- **Task item**
Below are records with pictures in them. Transcribe everything from the line containing "Divide the office" down to the line containing "Necklace, Custom Tib...", exactly, and leave the pictures behind.

- **Data records**
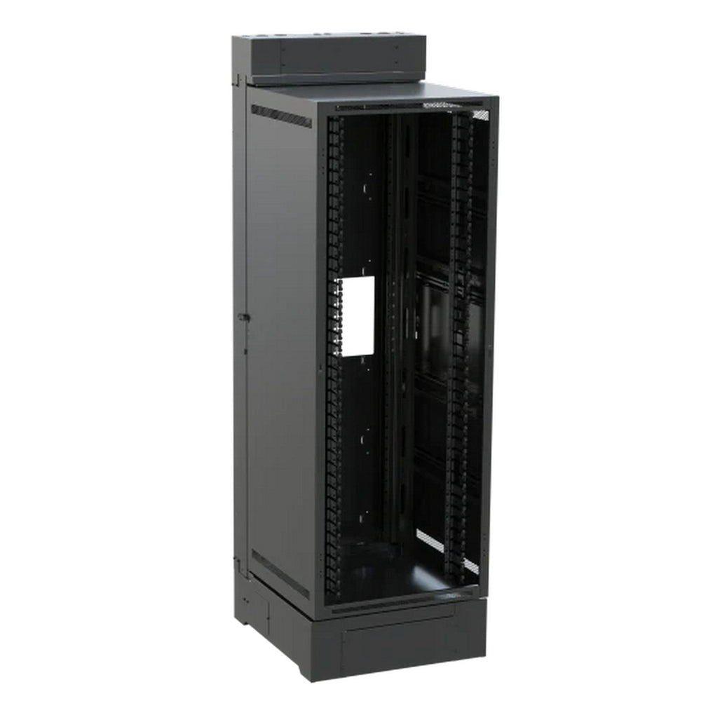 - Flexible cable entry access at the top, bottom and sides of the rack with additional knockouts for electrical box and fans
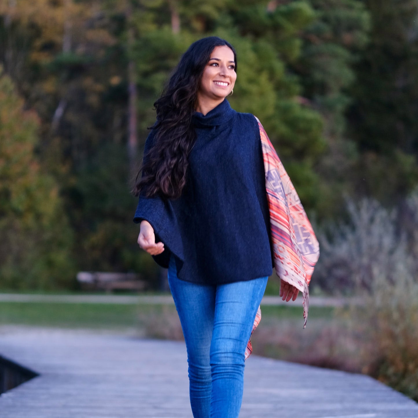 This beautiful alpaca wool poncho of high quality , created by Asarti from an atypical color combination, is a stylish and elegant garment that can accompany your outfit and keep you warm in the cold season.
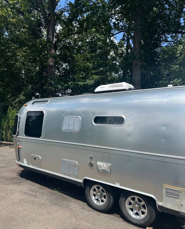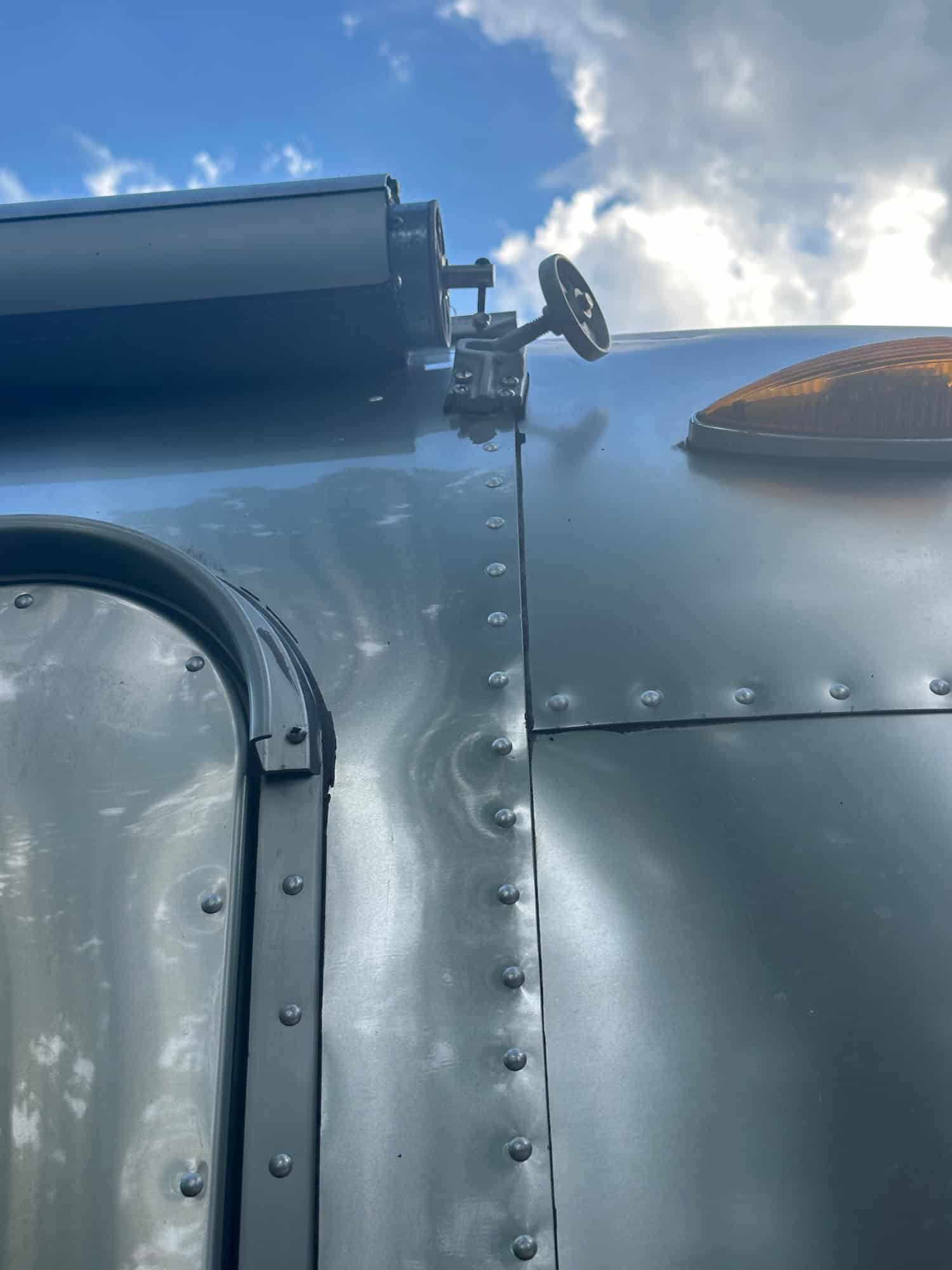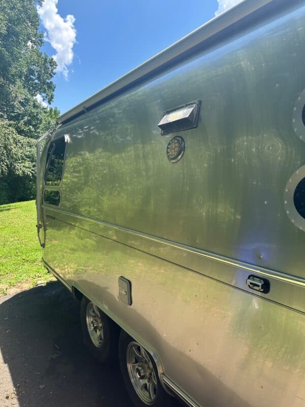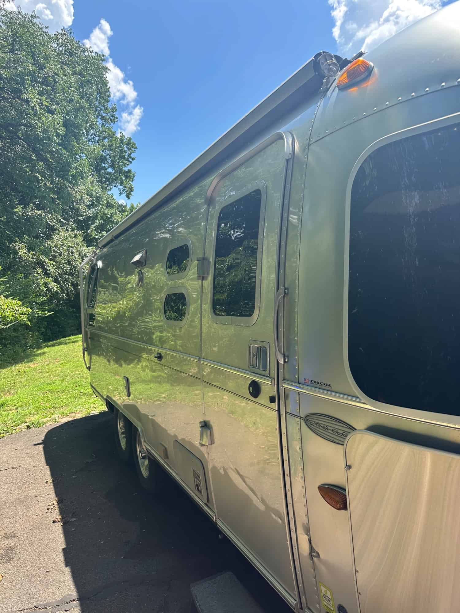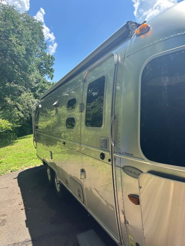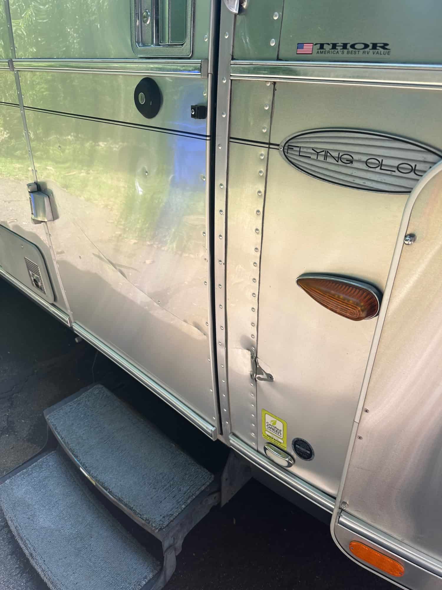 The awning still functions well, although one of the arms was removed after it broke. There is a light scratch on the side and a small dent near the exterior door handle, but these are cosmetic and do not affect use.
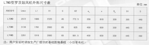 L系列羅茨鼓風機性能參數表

...

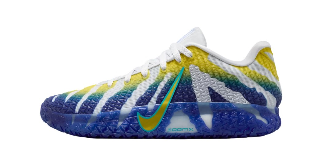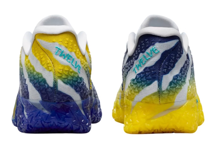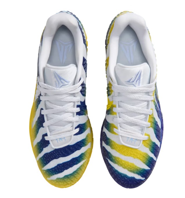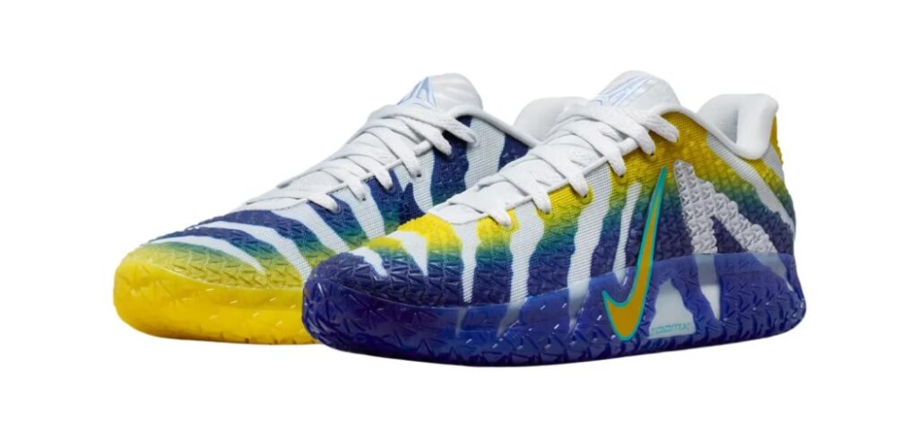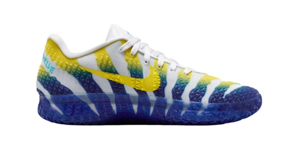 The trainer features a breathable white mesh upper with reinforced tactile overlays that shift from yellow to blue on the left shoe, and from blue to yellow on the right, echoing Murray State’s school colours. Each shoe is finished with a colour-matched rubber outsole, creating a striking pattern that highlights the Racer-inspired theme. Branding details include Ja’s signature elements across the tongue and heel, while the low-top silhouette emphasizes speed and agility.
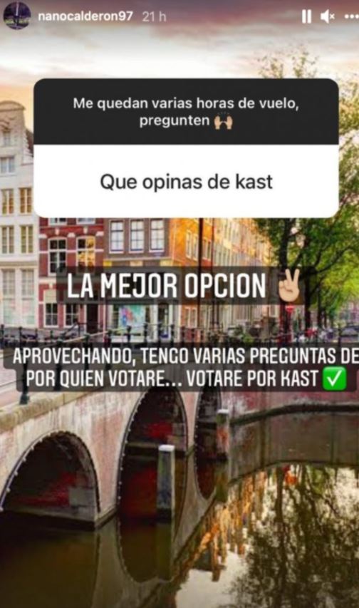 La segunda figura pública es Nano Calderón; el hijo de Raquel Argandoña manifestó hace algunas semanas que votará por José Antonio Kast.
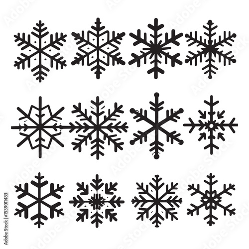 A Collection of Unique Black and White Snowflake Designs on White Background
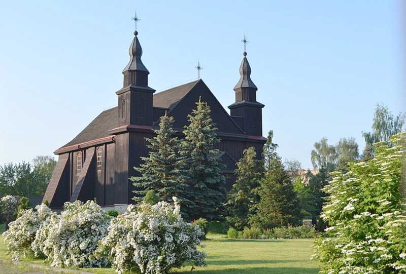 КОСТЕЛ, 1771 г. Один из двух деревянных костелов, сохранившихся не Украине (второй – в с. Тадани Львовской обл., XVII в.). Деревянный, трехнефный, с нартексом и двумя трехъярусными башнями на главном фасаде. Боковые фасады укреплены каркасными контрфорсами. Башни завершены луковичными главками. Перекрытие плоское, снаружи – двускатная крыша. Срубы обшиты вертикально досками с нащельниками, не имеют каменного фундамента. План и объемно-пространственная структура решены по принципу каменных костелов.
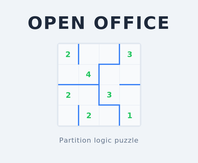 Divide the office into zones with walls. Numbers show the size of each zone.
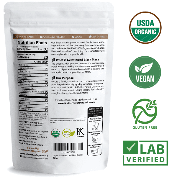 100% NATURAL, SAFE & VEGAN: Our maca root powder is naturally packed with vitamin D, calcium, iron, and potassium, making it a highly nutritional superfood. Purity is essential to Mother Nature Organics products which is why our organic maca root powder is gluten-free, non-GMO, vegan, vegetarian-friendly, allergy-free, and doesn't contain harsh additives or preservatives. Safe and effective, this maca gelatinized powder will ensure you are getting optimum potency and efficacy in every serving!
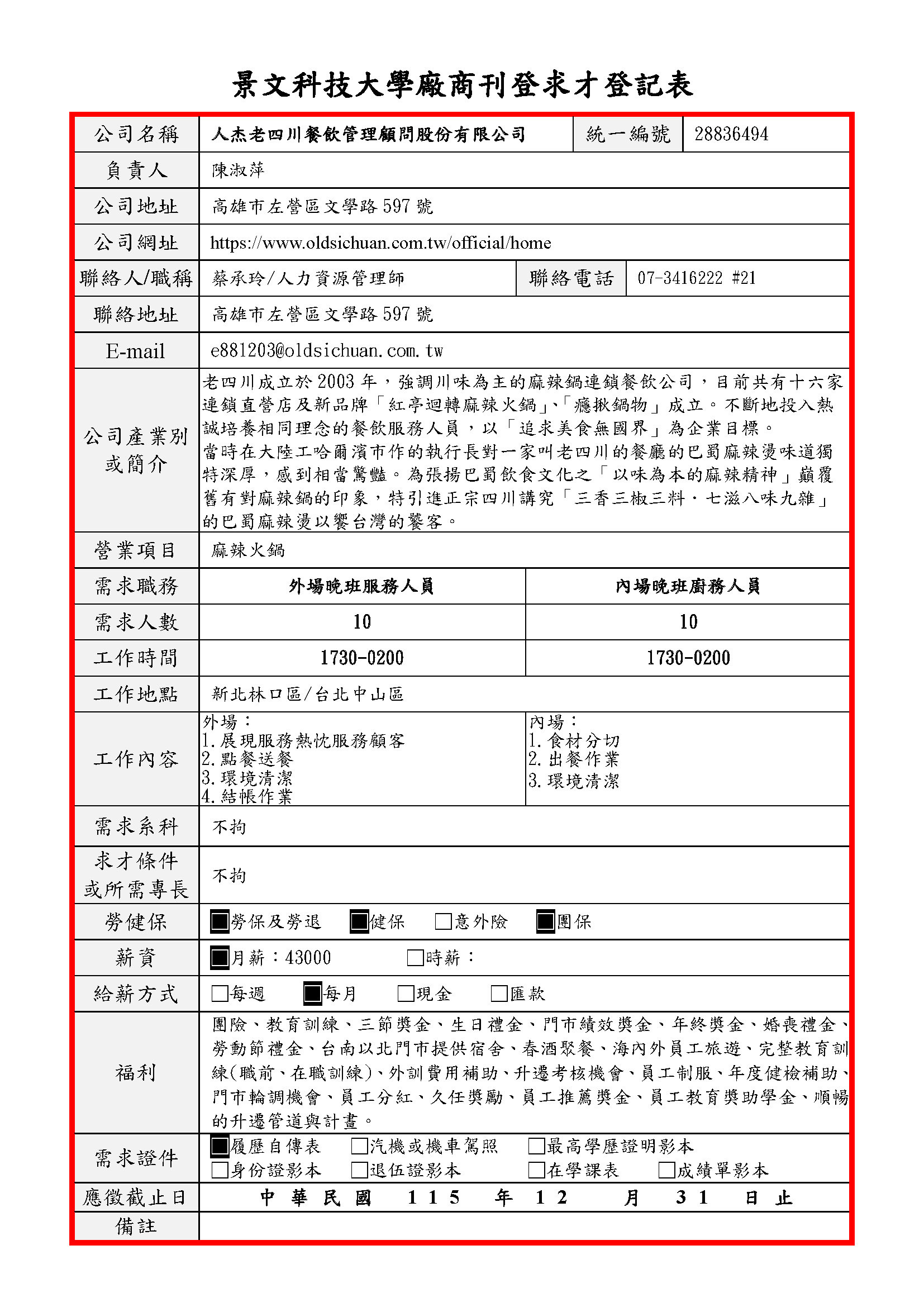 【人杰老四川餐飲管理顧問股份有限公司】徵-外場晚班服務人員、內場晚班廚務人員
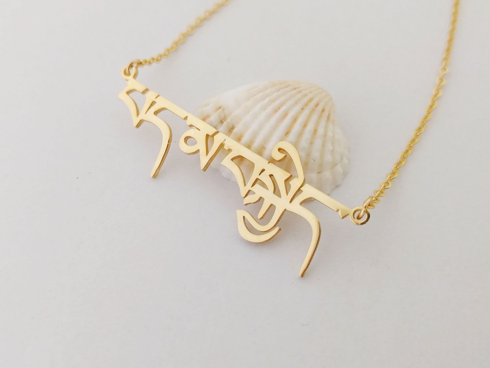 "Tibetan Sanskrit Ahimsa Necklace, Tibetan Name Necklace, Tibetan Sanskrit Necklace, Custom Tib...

--

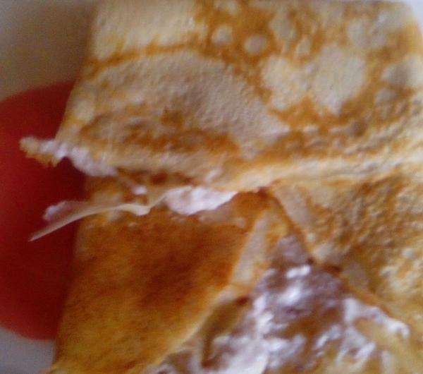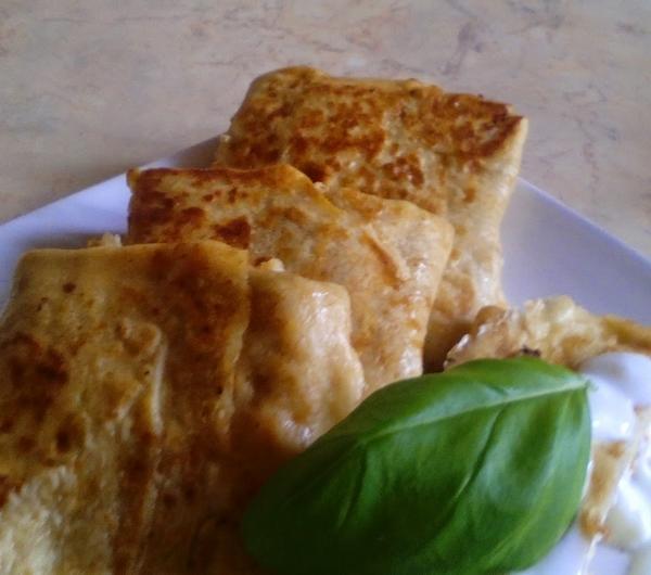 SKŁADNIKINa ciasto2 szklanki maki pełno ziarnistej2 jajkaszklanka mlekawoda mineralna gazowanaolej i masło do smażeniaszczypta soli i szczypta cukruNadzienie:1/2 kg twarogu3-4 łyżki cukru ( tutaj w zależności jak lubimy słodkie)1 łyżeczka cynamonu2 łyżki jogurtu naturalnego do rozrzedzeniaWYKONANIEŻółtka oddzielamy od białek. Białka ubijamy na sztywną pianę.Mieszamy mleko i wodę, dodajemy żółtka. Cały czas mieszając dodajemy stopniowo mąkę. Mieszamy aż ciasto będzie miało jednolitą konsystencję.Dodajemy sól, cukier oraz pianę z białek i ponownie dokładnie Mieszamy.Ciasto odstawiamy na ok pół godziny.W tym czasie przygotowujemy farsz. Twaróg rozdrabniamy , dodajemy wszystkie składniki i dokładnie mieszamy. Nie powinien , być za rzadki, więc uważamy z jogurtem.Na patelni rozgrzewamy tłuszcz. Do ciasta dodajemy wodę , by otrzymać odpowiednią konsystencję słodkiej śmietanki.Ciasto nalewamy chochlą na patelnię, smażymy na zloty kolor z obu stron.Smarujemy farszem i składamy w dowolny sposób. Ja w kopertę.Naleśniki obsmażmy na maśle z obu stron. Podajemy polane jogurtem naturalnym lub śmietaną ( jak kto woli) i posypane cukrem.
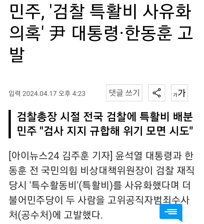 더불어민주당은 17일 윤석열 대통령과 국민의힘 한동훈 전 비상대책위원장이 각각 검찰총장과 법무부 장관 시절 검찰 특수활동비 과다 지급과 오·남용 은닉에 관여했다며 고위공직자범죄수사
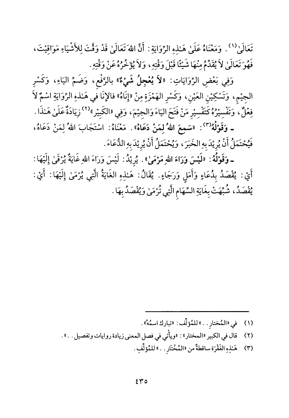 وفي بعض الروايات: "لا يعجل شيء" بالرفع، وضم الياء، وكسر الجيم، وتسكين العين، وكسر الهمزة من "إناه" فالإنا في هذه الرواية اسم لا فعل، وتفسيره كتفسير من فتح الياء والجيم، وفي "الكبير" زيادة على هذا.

- **Solved exercise**
 Divide the office into zones with walls. Numbers show the size of each zone.
 100% NATURAL, SAFE & VEGAN: Our maca root powder is naturally packed with vitamin D, calcium, iron, and potassium, making it a highly nutritional superfood. Purity is essential to Mother Nature Organics products which is why our organic maca root powder is gluten-free, non-GMO, vegan, vegetarian-friendly, allergy-free, and doesn't contain harsh additives or preservatives. Safe and effective, this maca gelatinized powder will ensure you are getting optimum potency and efficacy in every serving!
 【人杰老四川餐飲管理顧問股份有限公司】徵-外場晚班服務人員、內場晚班廚務人員
 "Tibetan Sanskrit Ahimsa Necklace, Tibetan Name Necklace, Tibetan Sanskrit Necklace, Custom Tib...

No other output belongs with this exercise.